==== Data for review
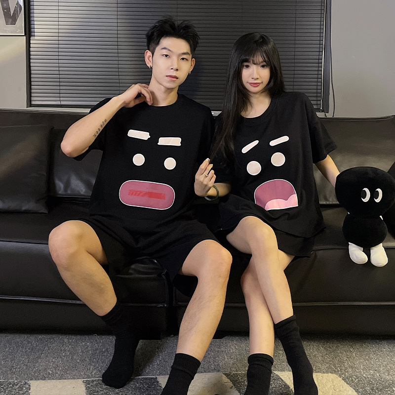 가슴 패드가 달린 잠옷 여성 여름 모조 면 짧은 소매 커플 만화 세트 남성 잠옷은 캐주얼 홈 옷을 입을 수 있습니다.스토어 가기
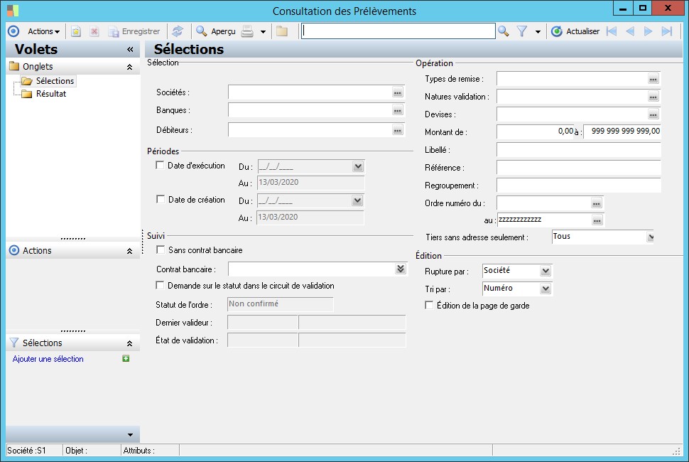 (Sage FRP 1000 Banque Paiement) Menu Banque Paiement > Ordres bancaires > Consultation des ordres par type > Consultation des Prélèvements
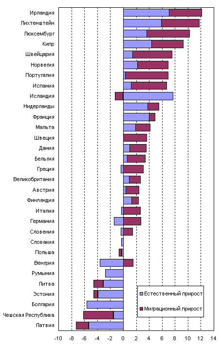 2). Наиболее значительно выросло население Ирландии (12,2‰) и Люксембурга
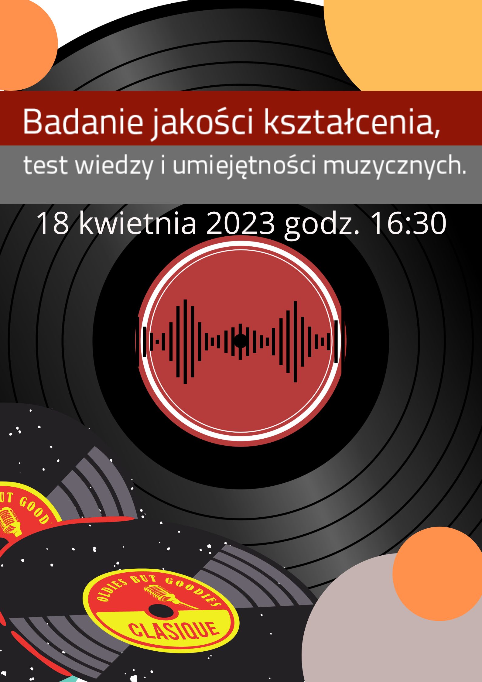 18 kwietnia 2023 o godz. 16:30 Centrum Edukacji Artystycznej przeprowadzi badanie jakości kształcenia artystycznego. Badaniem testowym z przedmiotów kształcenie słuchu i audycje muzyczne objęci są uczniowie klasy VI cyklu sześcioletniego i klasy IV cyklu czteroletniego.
========
==== Data for review
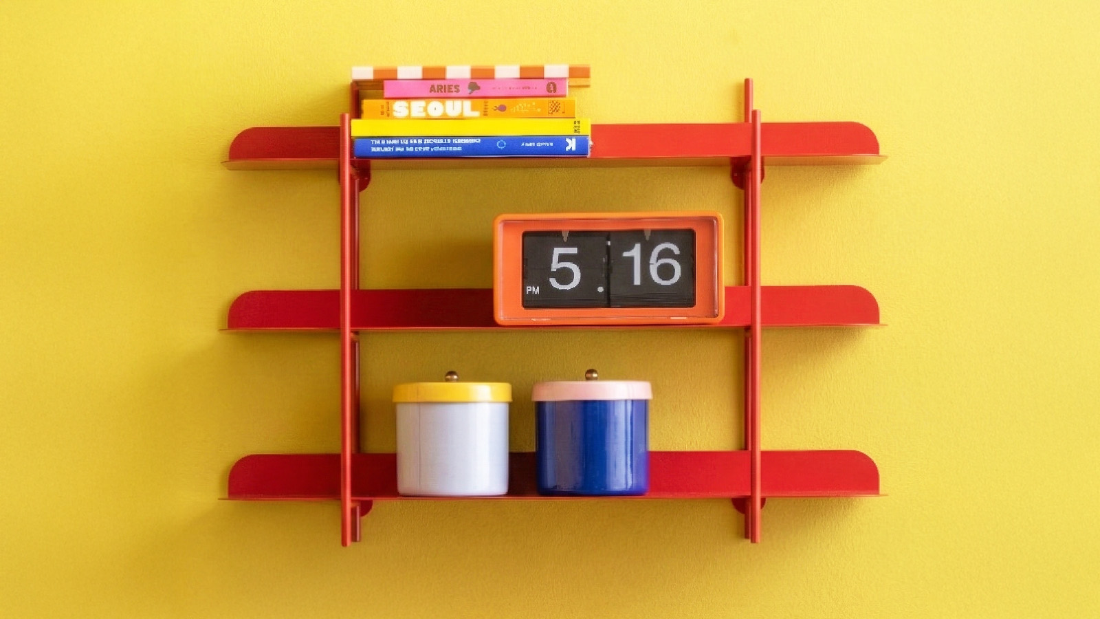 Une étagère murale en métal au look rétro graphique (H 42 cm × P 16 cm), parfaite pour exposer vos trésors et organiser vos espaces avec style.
========
==== Data for review
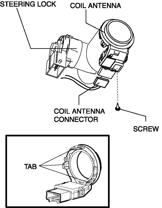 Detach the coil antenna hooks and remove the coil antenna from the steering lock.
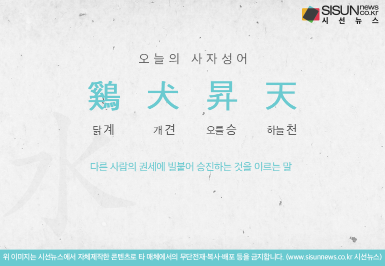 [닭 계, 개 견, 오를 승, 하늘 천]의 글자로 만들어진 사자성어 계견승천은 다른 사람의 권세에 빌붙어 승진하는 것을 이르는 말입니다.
========
What is expected:
The lines to reproduce run from the one above containing "가슴 패드가 달린 잠옷" through the one containing "(Sage FRP 1000". Copy them exactly and leave out all pictures.

Expected answer:
 가슴 패드가 달린 잠옷 여성 여름 모조 면 짧은 소매 커플 만화 세트 남성 잠옷은 캐주얼 홈 옷을 입을 수 있습니다.스토어 가기
 (Sage FRP 1000 Banque Paiement) Menu Banque Paiement > Ordres bancaires > Consultation des ordres par type > Consultation des Prélèvements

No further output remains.